The Stoxx Europe 600 index dropped 0.7%, with a sub-index of banking stocks wiping out its remaining gains for the year. UBS shares fell as much as 16%, while Credit Suisse sank 60%. Contracts on the S&P 500 edged lower, with major lenders JPMorgan Chase & Co, Bank of America Corp, Wells Fargo & Co and Citigroup Inc all down in US premarket trading. Nasdaq 100 futures steadied. A gauge of Asian shares fell by more than 1%.

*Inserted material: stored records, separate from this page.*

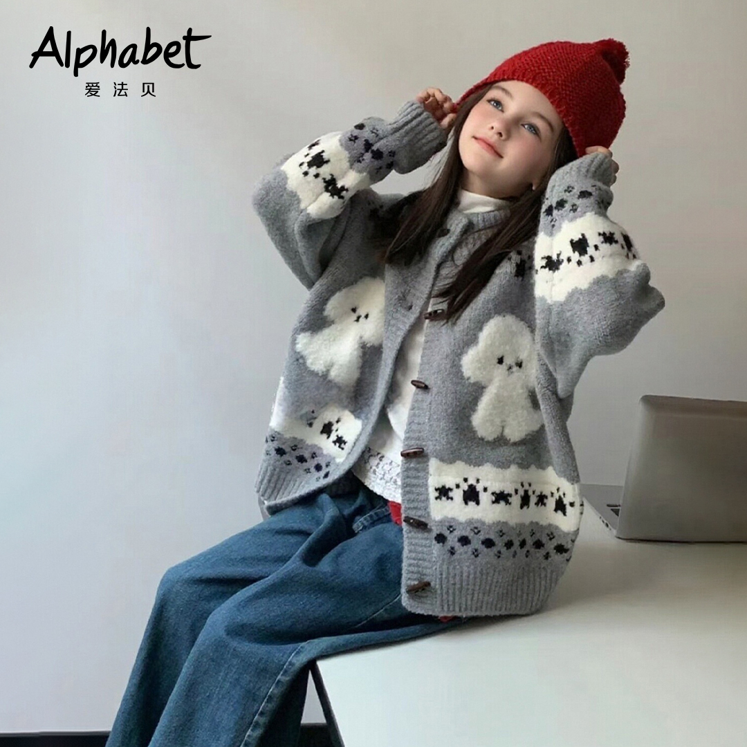 小女孩春秋百搭外套潮 儿童洋气线衫 爱法贝25秋新款 女童针织开衫
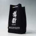 甚吉袋とはその昔、酒屋から家にお酒をお持ち帰るために使っていた通い袋。300mlの酒ビンが2本ピッタリと入ります。青木酒造の「鶴齢」をデザインした現代風の甚吉袋は、小物入れにも最適です。
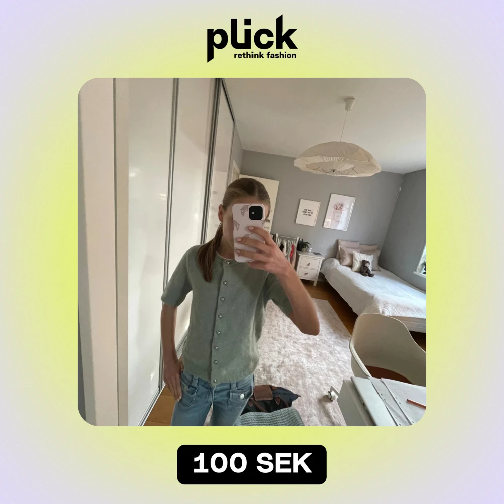 Säljer denna nästan helt nya stickade kortarmade kofta 🙏🏼använd kanske 3 gånger, men har ett litet litet hål som inte syns. Säljer för 100kr 🥰

Policymakers are rushing to shore up confidence after the problems at Credit Suisse (CS) and the collapse of Silicon Valley Bank (SVB) added to broader concerns over financial stability. The Federal Reserve and five other central banks announced coordinated action to boost liquidity in US dollar swap arrangements to ease strains in the global financial system. Traders are also assessing what impact recent events will have on the path of Fed policy tightening in the run-up to its next rates decision due on Wednesday.

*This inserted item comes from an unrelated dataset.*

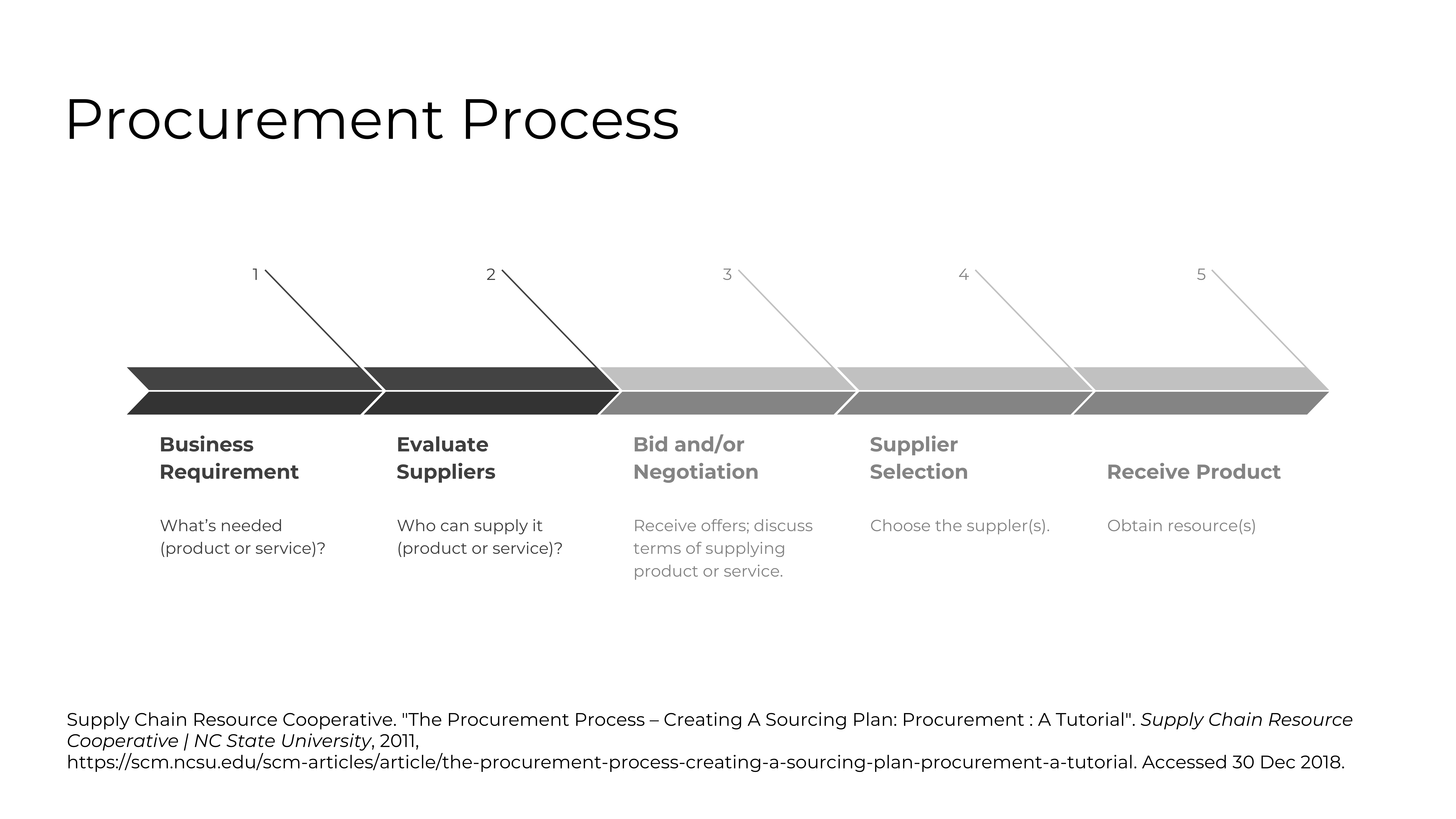 Supply Chain Resource Cooperative. “The Procurement Process – Creating A Sourcing Plan: Procurement : A Tutorial”. Supply Chain Resource Cooperative | NC State University, 2011, https://scm.ncsu.edu/scm-articles/article/the-procurement-process-creating-a-sourcing-plan-procurement-a-tutorial. Accessed 30 Dec 2018.

“Markets are anxious about which bank is next to fall under trouble, as the whole system is based on confidence and events can escalate quickly, as we have seen with recent cases,” said Janet Mui, head of market analysis at RBC Brewin Dolphin. “There will be many questions and doubts on how UBS will integrate Credit Suisse given the size of the combined business.”
The anxious start to trading week prompted a flight to safety, with German and UK government bonds rallying. The policy-sensitive two-year Treasury yield fell 11 basis points, while 10-year yields dropped to lowest since September. Gold rose above $2,000 an ounce for the first time in more than a year.
Among the biggest losers in the Credit Suisse sale are investors in the bank’s riskiest bonds, known as AT1s, worth $17 billion. These money managers are set to be wiped out as the bonds become worthless due to the use of public funds for the rescue. The Swiss National Bank is offering liquidity assistance to UBS while the government is granting a guarantee for potential losses from assets UBS is taking over.
“The AT1 wipe out of CS is a wake-up call for investors of that segment and will prompt a significant re-evaluation of those bonds,” RBC Brewin’s Mui said. “That could lead to higher funding costs for European banks going forward.”
A measure of dollar strength swung between small gains and losses. The Swiss franc and the euro fluctuated, while yen rises. Oil sank, with US benchmark West Texas Intermediate plunging below $65 a barrel to hit the lowest level since late 2021.
Meanwhile, Morgan Stanley strategist Michael Wilson said the stress in the banking system marks what’s likely to be a painful and “vicious” start of an end to the bear market in US stocks. The S&P 500 will remain unattractive until equity risk premium climbs to as high as 400 basis points from the current 230 level, according to Wilson, who is known for being one of Wall Street’s staunchest bears.
Much of the debate in markets is now focussed on whether the Fed will deliver another quarter-point hike or pause at its March 21-22 meeting, amid the heightened financial instability and a softer-than forecast reading on inflation expectations. Traders no longer see much chance of a bigger half-point hike that Chair Jerome Powell had put on the table just before concerns about financial stability emerged.